Se despertó de sopetón, con una extraña urgencia que amenazaba su existencia,

sus ojos apenas percibían la tenue luz que se filtraba por un pequeño
ventanuco desvencijado por el paso de los implacables siglos.

Sus sentidos embotados apenas percibieron las supuestas fragancias de hacinamiento
humano, en la lejanía se escuchaba una sinfonía de ronquidos, palabras balbuceantes,
y algún que otro sonido difícil de determinar y mucho menos mentalmente catalogar.

Tras un rato de vuelta para acá y vuelta para allá, decidió levantarse y a tientas,
tropezando con todo aquello que se le cruzaba por medio consiguió introducir
sus 4 bártulos en la vieja mochila, roída y desvencijada por numerosos caminos
hoyados a lo largo de su larga vida, cargada con mas sueños y alegrías que
necesidades materiales, materiales que si pesan para un alma vieja como ella.

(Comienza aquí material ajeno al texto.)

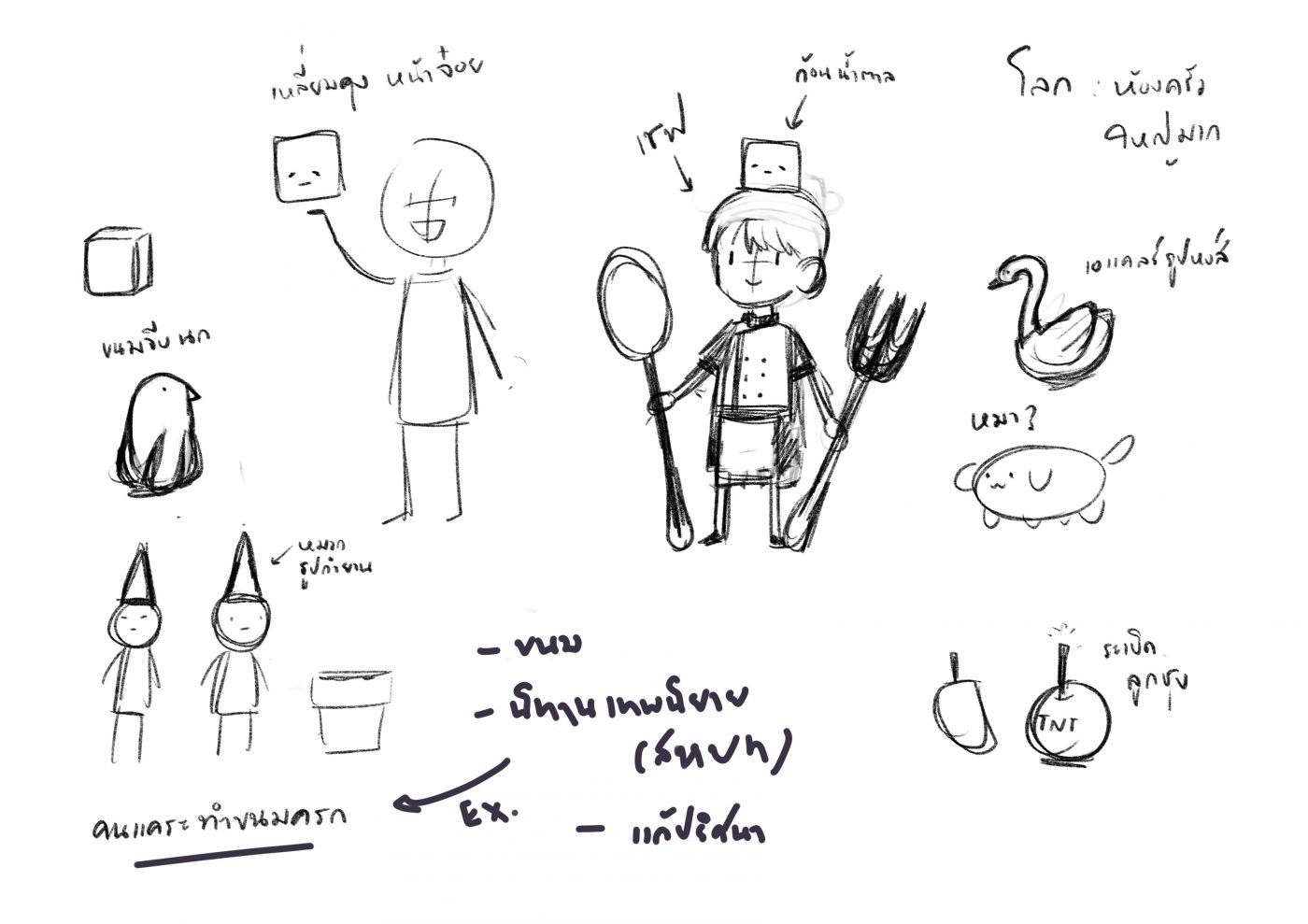 ภาพร่างตัวละครต่าง ๆ จากขนม
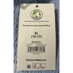 The No Boundaries Textured Cami & Short Set is a stylish 2-piece outfit set in size XL, featuring a solid blue color with a textured design. The set includes a sleeveless cami with a scoop neckline and adjustable straps, paired with a pair of shorts with an elastic waist and 3-inch inseam. Made of a blend of polyester and spandex, this pullover set is machine washable and easy to care for. Perfect for teens and young women looking for a comfortable and trendy outfit option.
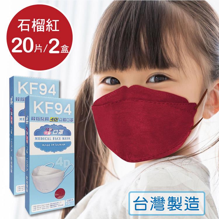 韓版4D口罩 醫療級 魚型口罩 KF94成人立體口罩-石榴紅 (共20片/2盒) 台灣製造 魚形口罩
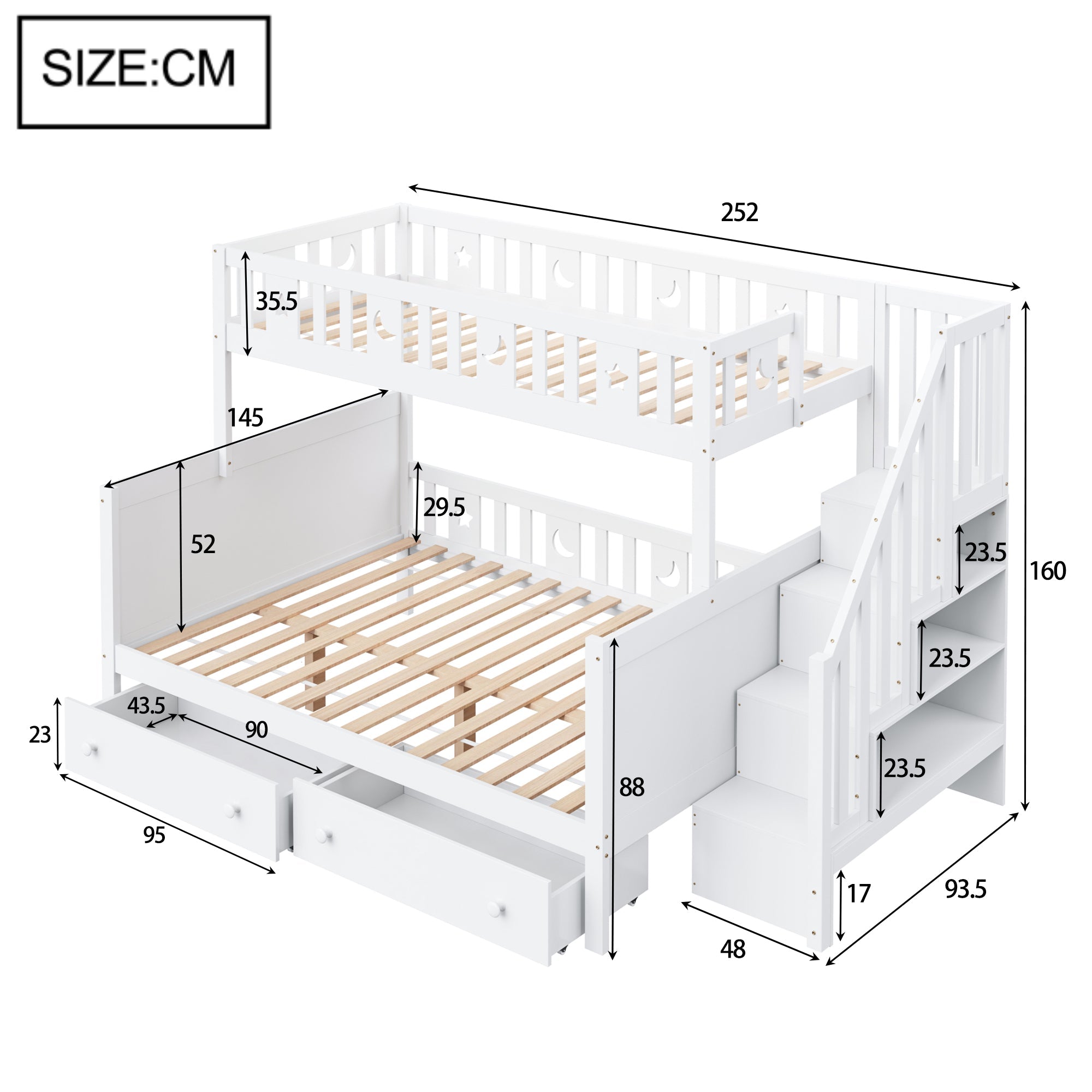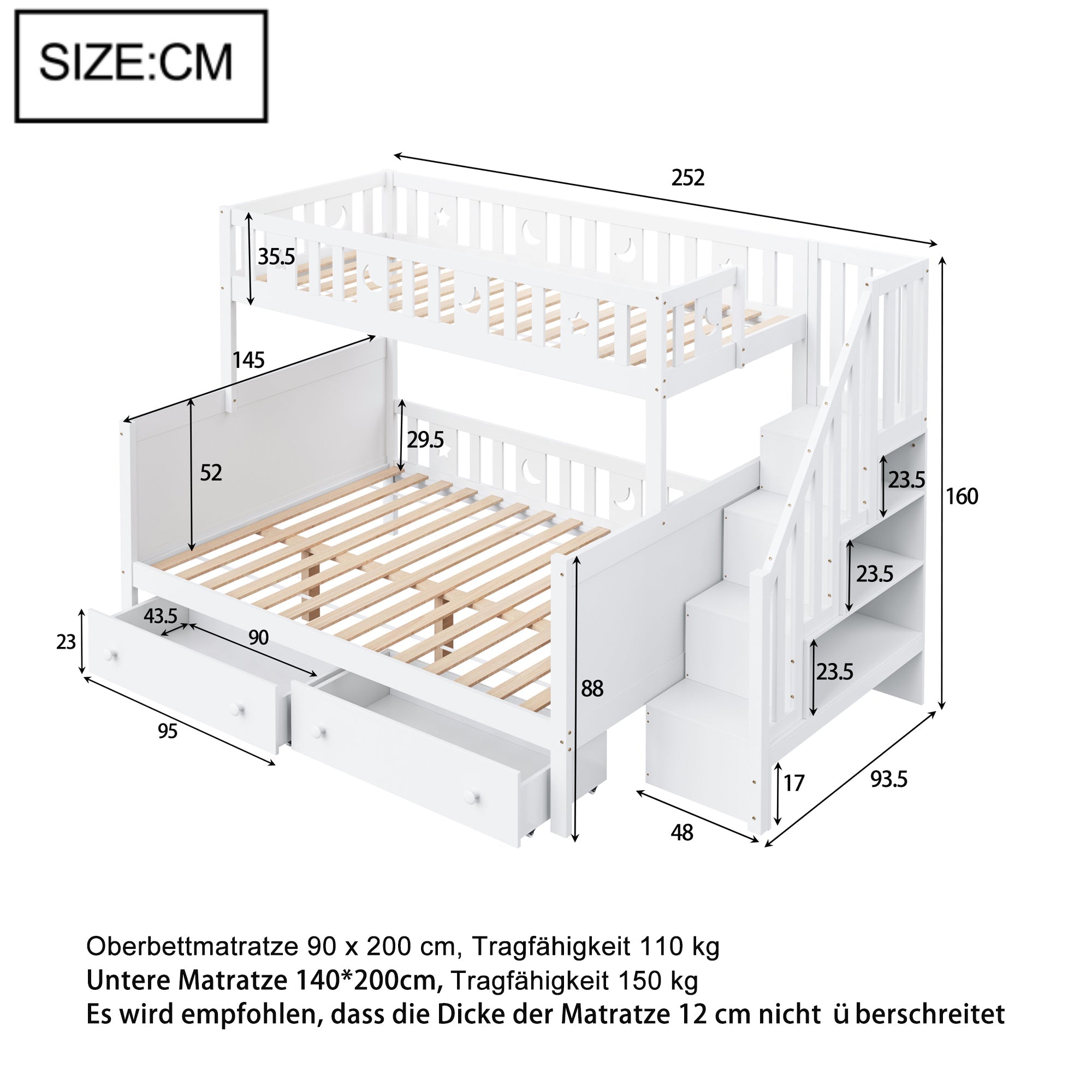 Children's Bunk Bed 90*200/140*200cm Safety Stairs Drawers Slatted Base, Solid Wood White
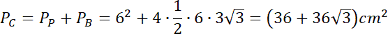 Wyznacz pole powierzchni całkowitej ostrosłupa prawidłowego czworokątnego, którego krawędź podstawy ma długość 6 cm, a kąt płaski przy wierzchołku ma miarę
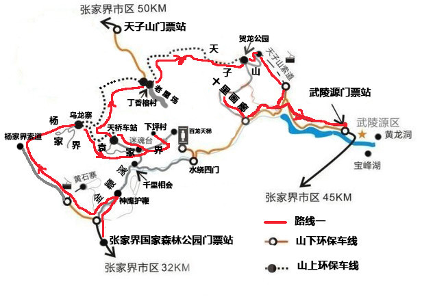 第1天:武陵源核心景区门票站进→坐杨家界索道上→游玩杨家界和袁家界→再游玩天子山风景区→乘坐天子山索道下→晚宿武陵源镇上(和张家界市区一样繁华);

Tras un aseo felino salio sigilosamente sin mirar atrás, donde todos aun dormían
placidamente, no sabia que hora era, el reloj nunca lo llevaba encima cuando se decidía
a partir por un fuerte anhelo y necesidad de ir al camino, su camino, su vida, para ella las
horas eran esclavas de nuestro tiempo y gustaba de vivir libre y sin horario fijo para
sentirse en plena comunión con la vida, con los ciclos naturales de la existencia y del camino.

El aire frío de marzo acaricio su piel, la noche seguía profundamente oscura, tenebrosa
y al mismo tiempo acogedora, algo sobrenatural y misteriosa, a ella le gustaba la soledad,
nunca camina con nadie, tan solo una parada frugal con algún caminante y corta
conversación era todo lo que necesitaba para alimentar su Alma de vez en cuando.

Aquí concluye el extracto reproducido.